Home Letters ICH turf, “glorified housestaff?”

ICH turf, “glorified housestaff?”

January 2010

Published in the January 2010 issue of Today’s Hospitalist

Managing ICH patients: It’s about turf
In my facility, the hospitalist service admits all non-surgical intracranial hemorrhages (ICH). We did not have a choice: The neurosurgeons refuse to admit a nonsurgical patient, and general surgery and neurology claim it is not in their scope of practice.

The truth is that neurosurgeons are trained to manage these patients, and the bottom line is that no one wants to get out of bed. What you call a “paradigm shift” in your December 2009 cover story, I call “turf.”

I resent this shift, but I think it will be transient. With cost and reimbursement cutbacks, payers are NOT going to continue to pay two doctors when only one is needed. Hospitalists will not be paid to manage hypertension in an ICH patient when the appropriate admitting doctor (the neurosurgeon) has for years been capable of doing so.

With hip fractures, comanagement has been shown to improve outcomes, but that’s not the case with ICH. Why are we charging extra health care dollars to let the doc who has traditionally managed the case sleep in? It’s time for hospitalists to stop wasting money and for specialty services to step up, practice in their scope and stop dumping patients so they can sleep.

Todd Painton, MD
Appleton, Wis.

“Glorified housestaff”?
Your publication is one of the few that I routinely read every month, but there seems to be some editorial complicity in the fact that more and more cases are being deferred to hospitalists for admission.

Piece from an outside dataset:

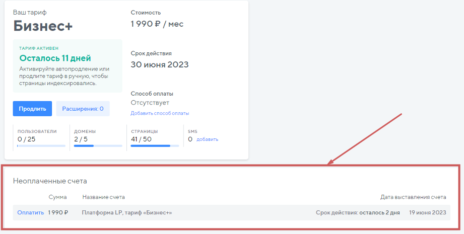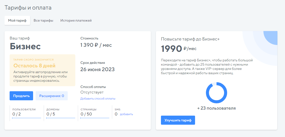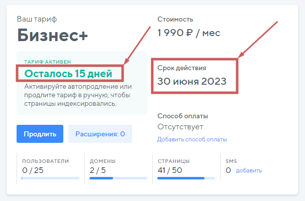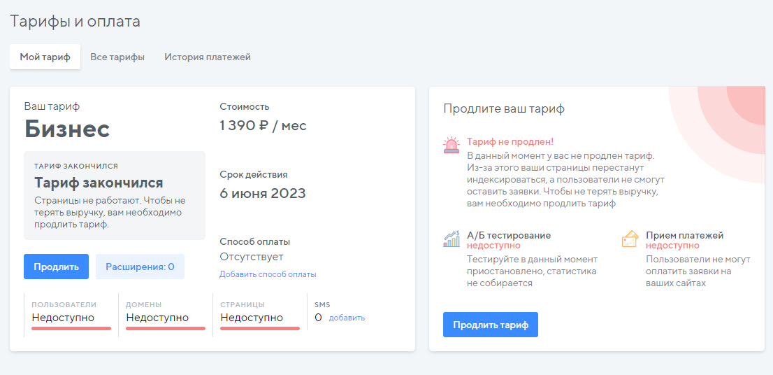 Не волнуйтесь, все страницы и изменения сохранятся. С неоплаченным тарифом можно создавать, редактировать и сохранять страницы. Единственное, что не получится – опубликовать их. Это можно будет сделать после оплаты тарифа.

Your December 2009 From the Editor noted that “respect from other physicians” received one of the lowest scores in a recent survey. You wondered whether we could expect that to rise as we take on more admitting services.

I think the answer to that question is “no.” We are often seen as little more than glorified housestaff as we admit patients more appropriately admitted by a specialist. The only thing we accomplish is to improve specialists’ lifestyle “at the expense of providing appropriate, timely care.

I have a broad policy at my hospital: Any patient requiring specialty intervention, whether procedural or cognitive, should be admitted by the appropriate specialist. We are always willing to facilitate a specialty admission by consulting and to transfer patients to our service when specialty issues have been resolved. But the patient is admitted to the specialist’s service, and I find it disturbing that your publication seems to advocate for a paradigm that, in my experience, is dysfunctional and dangerous.

Mike Flowers, MD
Knoxville, Tenn.

Editor’s note: Today’s Hospitalist takes no position on whether or not hospitalists should take on more admitting service lines.